ハンズスの膝の上で握られた拳に、英雄が手を乗せた。
「あの時、看取ってくれてありがとう。最後の瞬間まで、僕は君に語りかけていたよ」
ハンズスの睫が小刻みに震えた。瞳に涙が滲む。
英雄は笑って、マージを見た。
「その子を抱いても?」
「ええ、もちろん。アリソン、英雄よ」
マージが嬉しそうに娘に囁いて、英雄の傍にいくよう促した。
「初めまして、アリソン」
「はじめまして!」
元気よく答えたアリソンを、英雄は抱き上げた。
「おお、結構大きいね。いくつだい?」
「よっつー」
「そうか、よっつか」
英雄はアリソンをまじまじと見つめた。
「口元はマージに似たんだな。髪質はハンズスに似たのか、かわいそうに。くせっ毛には苦労するぞ」
そう言ってアリソンを抱きしめる。
「5年か」
英雄が呟いた。
「…長かったな」
その瞳にもうっすらと涙が滲んだ。
「ああ」
ハンズスがようやく頷いた。
「ああ、長かった…!」
言って号泣する父親を、アリソンは不思議そうに見た。
必要最低限のものしかない、手入れの行き届いたセレンの隠れ家で、アレクは朝食を作っていた。ズッキーニを刻む包丁の音がキッチンに響く。
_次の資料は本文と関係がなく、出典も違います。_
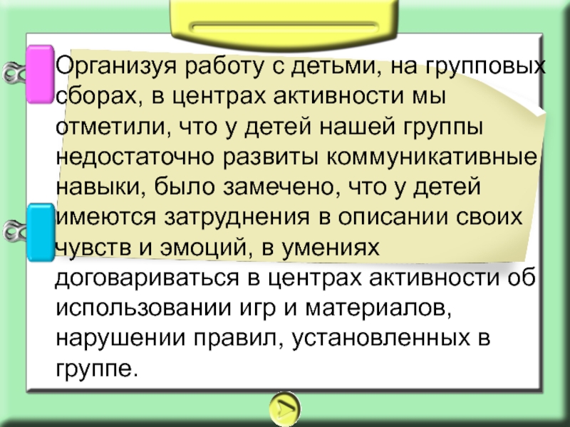 отметили, что у детей нашей группы недостаточно развиты коммуникативные навыки, было замечено, что у детей имеются затруднения в описании своих чувств и эмоций, в умениях договариваться в центрах активности об использовании игр и материалов, нарушении правил, установленных в группе.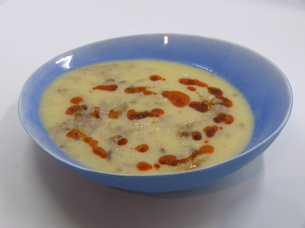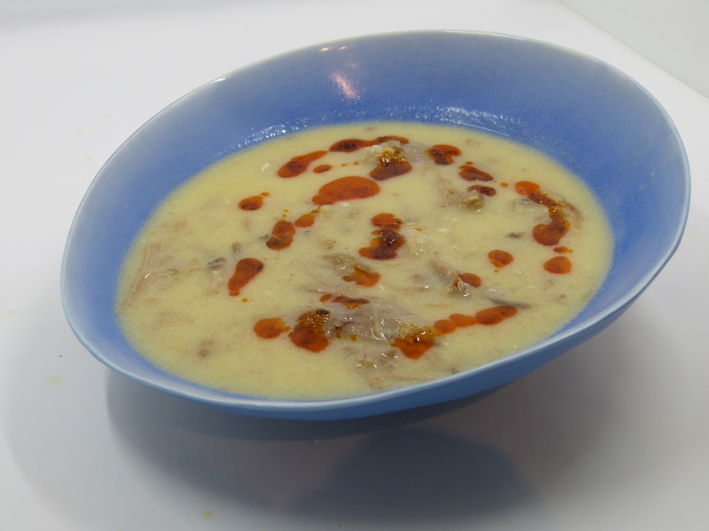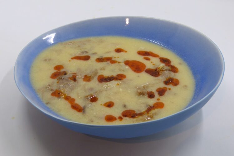 Für die Suppe wird zunächst eine Brühe gekocht; die Brühe wird mit einer Mehlschwitze gebunden und dann noch mit Joghurt und Ei. Sie ist dadurch schön samig und sättigend und die Säure des Joghurts tut ihr auch gut. Serviert wird sie mit etwas Chilibutter. Das Rezept von Orkide und Orhan Tançgil* verwendet als Basis für die Brühe Lammhals – zur Not kann man sie auch mit Rindfleisch kochen, aber Lammhals macht die Suppe üppiger und schmeckt auch ganz anders. Lammhals gibt es im türkischen Lebensmittelladen.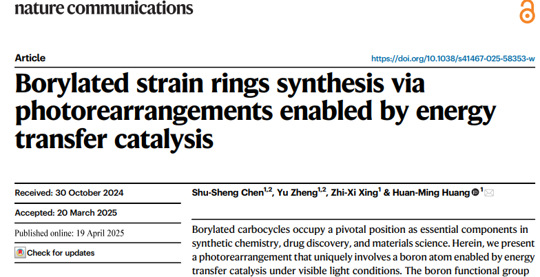 文章标题:Borylated strain rings synthesis via photorearrangements enabled by energy transfer catalysis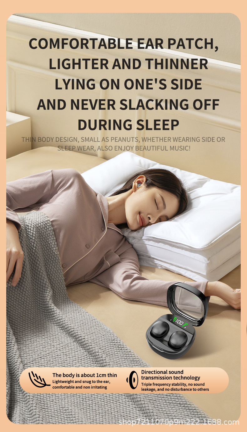 초소형 수면 무선 블루투스 헤드셋 초박형 고통없는 측면 수면 편안한 초장 내구성 소음 감소 초저 지연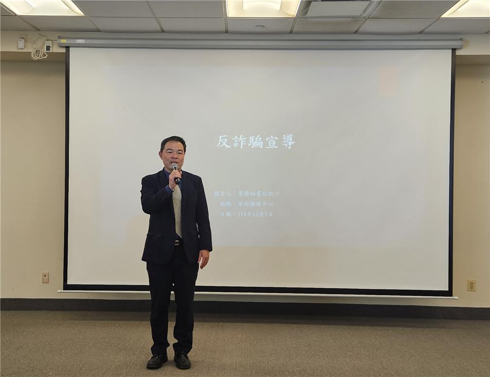 講座由副會長盧瑞平主持。僑教中心主任黃正杰致詞時指出,近年詐騙手法不斷翻新,尤其年終節慶期間為詐騙高峰期,提醒僑胞務必提高警覺,透過正確資訊與防範觀念,守護自身與家人的財產安全。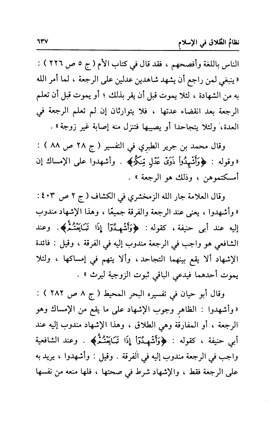 وقال أبو حيان في تفسيره البحر المحيط (ج 8 ص 282): "وأشهدوا: الظاهر وجوب الإشهاد على ما يقع من الإمساك. وهو الرجعة، أو المفارقة وهي الطلاق، وهذا الإشهاد مندوب إليه عند أبي حنيفة، كقوله: {وَأَشْهِدُوا إِذَا تَبَايَعْتُمْ}. وعند الشافعية واجب في الرجعة مندوب إليه في الفرقة. وقيل: وأشهدوا، يريد به على الرجعة فقط، والإشهاد شرط في صحتها، فلها منعه من نفسها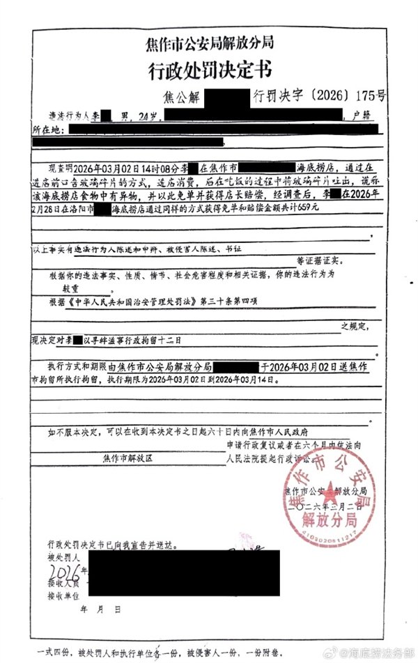 其中一份行政处罚决定书显示,今年3月2日,一名男子在焦作市一家海底捞门店就餐时,先是在进店前口含玻璃碎片,随后在用餐过程中将玻璃吐出,谎称食物中出现异物,并以此要求免单并获得店长赔偿。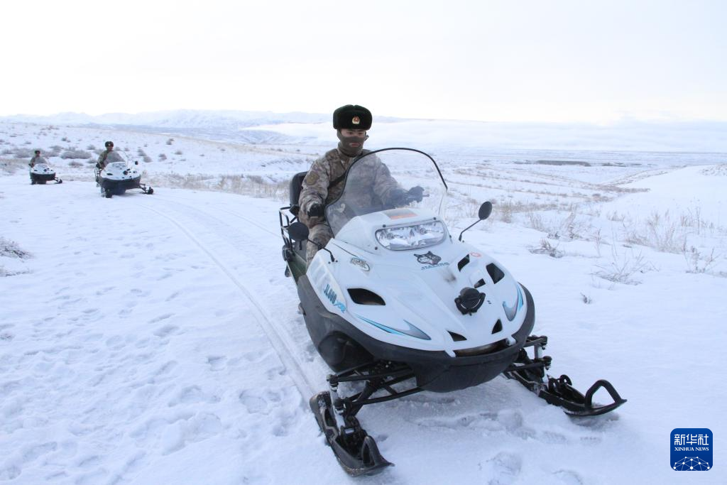 到了巡边时间,记者跟着几名战士驾驶摩托雪橇出发。起伏的柏油路上盖着一层厚厚的雪,不远处,塔斯提河蜿蜒流淌。虽然当天气温不算太低,但行驶中,风沙夹杂着雪粒快速拍打在脸上,没过一会儿,坐在后座的记者就被冻得“想找个地方躲起来”。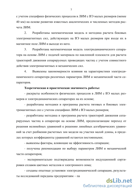 Для достижения данной цели решались следующие исследовательские задачи: разработка математических моделей и методик расчета как ЛИМ, так и электродинамического сепаратора в целом; выявление закономерностей протекания электромагнитных процессов в ЛИМ с малыми размерами ВЭ (менее 40 мм) и развитие теории таких машин; анализ факторов, влияющих на эффективность сепарации, при рассмотрении электродинамического сепаратора как электромеханической системы; разработка рекомендаций по проектированию и эксплуатации рассматриваемых сепараторов, а также апробация результатов исследований на опытных образцах.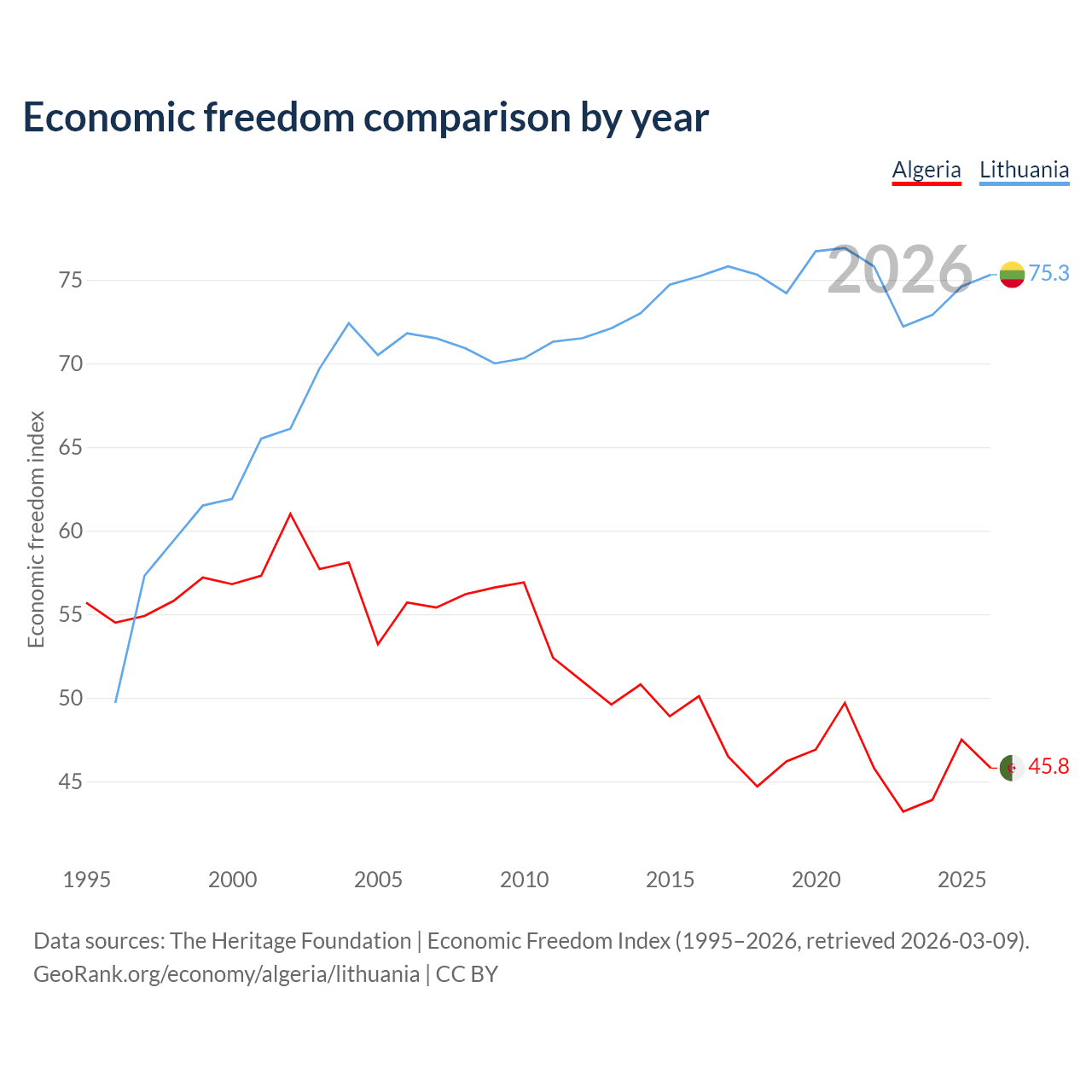 The Economic Freedom Index for Algeria is 45.8, ranking 179/197, compared to 75.3 for Lithuania, ranking 18/197. The chart above displays a comparison of annual changes in economic freedom indexes.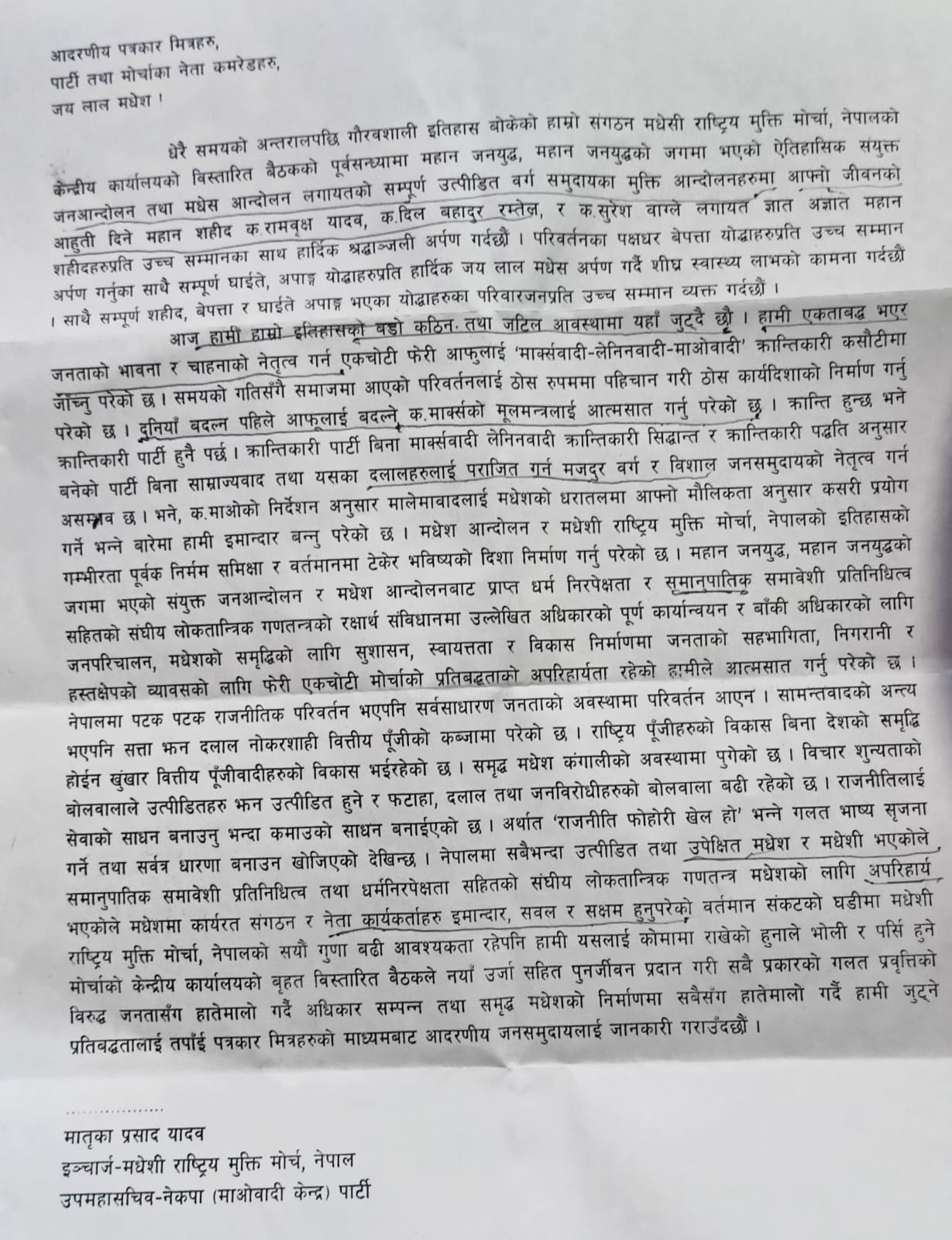 आदरणीय पत्रकार मित्रहरु, पार्टी तथा मोर्चाका नेता कमरेडहरु, जय लाल मधेश।

アレクは対面式になっているキッチンカウンターから、テーブルに座って雑誌を読むセレンを一瞬だけ見た。
セレンがすぐにそれに気づく。
「なんだ?」
「別ニ。…なんで気づくんデスカ?チョットしか見てナイ」
「そういえばお前はいつも気づかないな」
遠まわしに馬鹿にされた気がして、アレクはむっとした。包丁の音が一際大きく響く。
朝食のパンと簡単な野菜スープをカウンターテーブルに並べる。セレンが何も言わないところをみると合格点はもらえたらしい。アレクは内心ほっとした。
「まいったな」
セレンが一度持ち上げたスプーンを戻しながら呟いた。
「ドウシマシタ?」
隣に座りながら尋ねるアレクを見て、セレンは言いにくそうに視線をそらした。拗ねているようにも見える。
「泣くほど嫌われているとは思わなかった」
「ハ?」
「少しショックだ」
セレンが彼なりにへこんでいる姿を見たアレクは、ただ目を丸くして動きを止めた。
なんのことを言っているのか、探し当てるのはひどく容易だった。
あの、和解の瞬間。
15年以上も近くにいて、ようやく心が通じ合ったと思ったのは、所詮自分の気の迷いだったのだ。知らず唇が自嘲する。
「…ふ…ふふ」
小刻みに揺れるアレクを、不審そうにセレンが見た。
「どうした?」
その一言がきっかけになってアレクが立ち上がる。頬を紅潮させながら、勢いよく机を叩いた。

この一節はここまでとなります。